• DATASET CONTENT:
┄┄┄┄┄┄┄┄┄┄
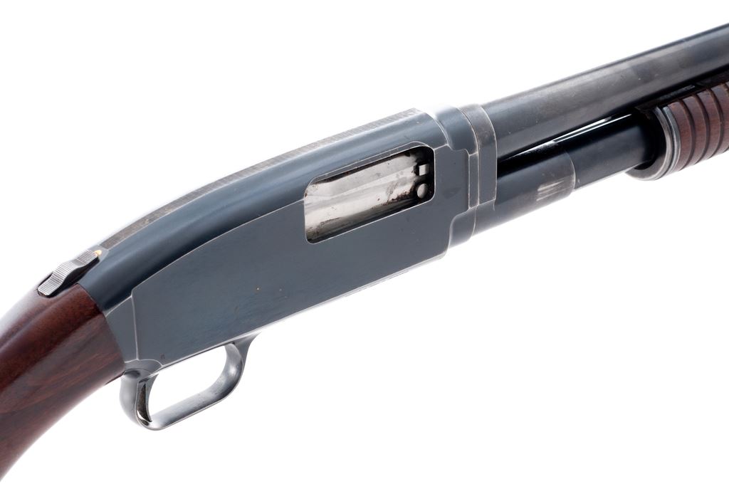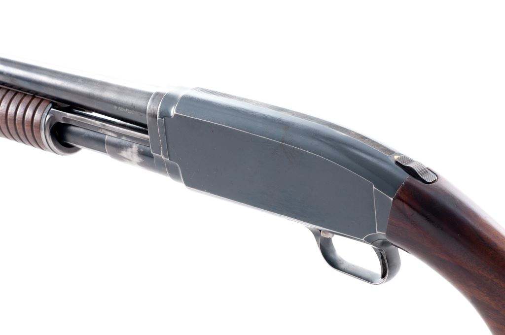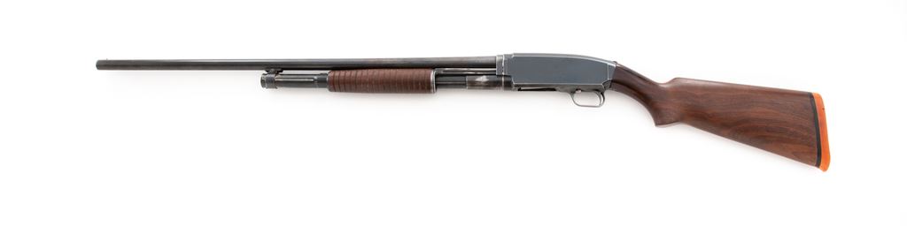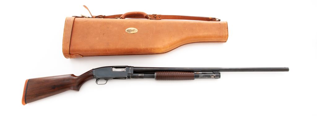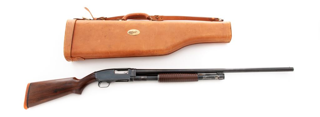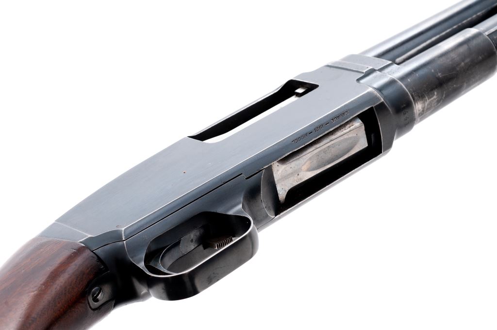 Savage Model 1921 ('21) Field Grade Slide-Action Shotgun, #1441. 12 ga. 30'' plain barrel is choked Full. Ribbed circular forend and pistol-grip buttstock are standard walnut without grip cap or checkering but with solid red butt pad. Housed in leather leg-o-mutton takedown case. Mfg'd 1920s. Condition is good retaining approx. 85% thinning blue with expected wear to wood and metal. Piece of metal braised just in front of forend. Action appears to function correctly but could use a thorough cleaning; bore is without damage. Butt pad needs replacement. An uncommon Savage Model. Est.: $200-$400. (C&R)
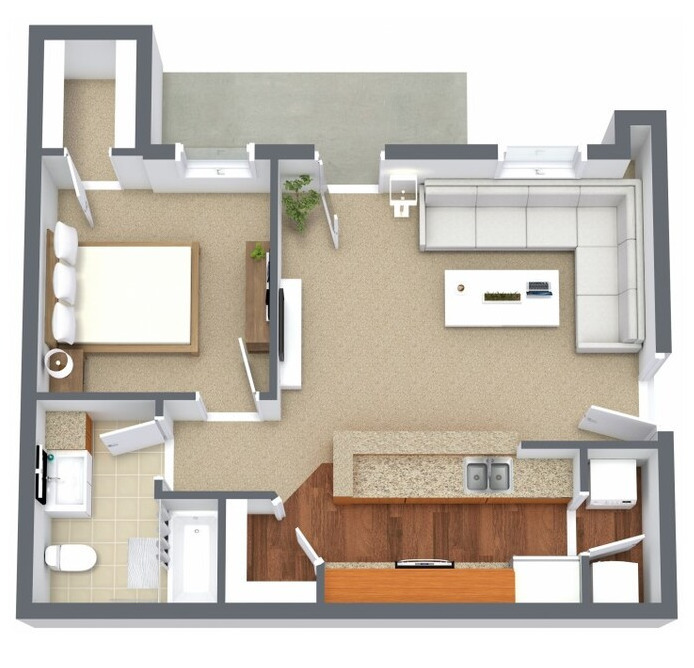 1 Bed, 1 Bath, 656 sq ftModel Gallery
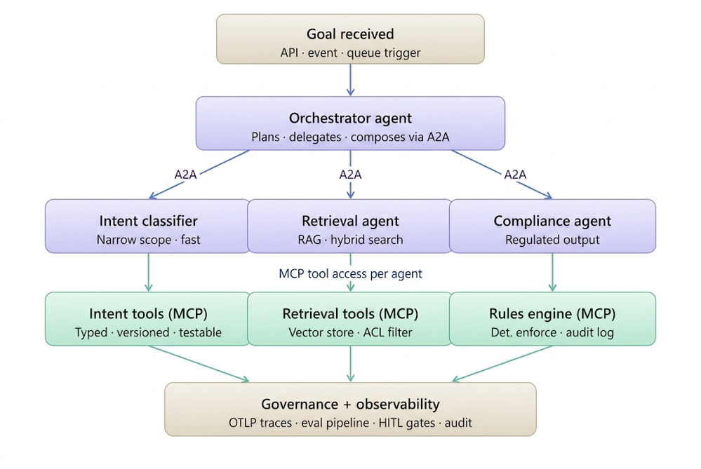 MCP is the tool interface standard today. An MCP server exposes a typed manifest any compliant agent runtime can discover at startup. Tools are versioned, independently deployable, and reusable across agents without bespoke integration code. A2A extends this horizontally: agents advertise capability cards, discover peers, and delegate subtasks through a standardised protocol. The practical consequence is that multi-agent systems built on both protocols can be composed and governed as a platform rather than managed as a collection of one-off integrations.
┄┄┄┄┄┄┄┄┄┄
Print only the lines from the first line of the data above through the one containing "1 Bed, 1 Bath, 656 sq ftModel Gallery", exactly as they are, with pictures omitted.

• TASK OUTPUT:
 Savage Model 1921 ('21) Field Grade Slide-Action Shotgun, #1441. 12 ga. 30'' plain barrel is choked Full. Ribbed circular forend and pistol-grip buttstock are standard walnut without grip cap or checkering but with solid red butt pad. Housed in leather leg-o-mutton takedown case. Mfg'd 1920s. Condition is good retaining approx. 85% thinning blue with expected wear to wood and metal. Piece of metal braised just in front of forend. Action appears to function correctly but could use a thorough cleaning; bore is without damage. Butt pad needs replacement. An uncommon Savage Model. Est.: $200-$400. (C&R)
 1 Bed, 1 Bath, 656 sq ftModel Gallery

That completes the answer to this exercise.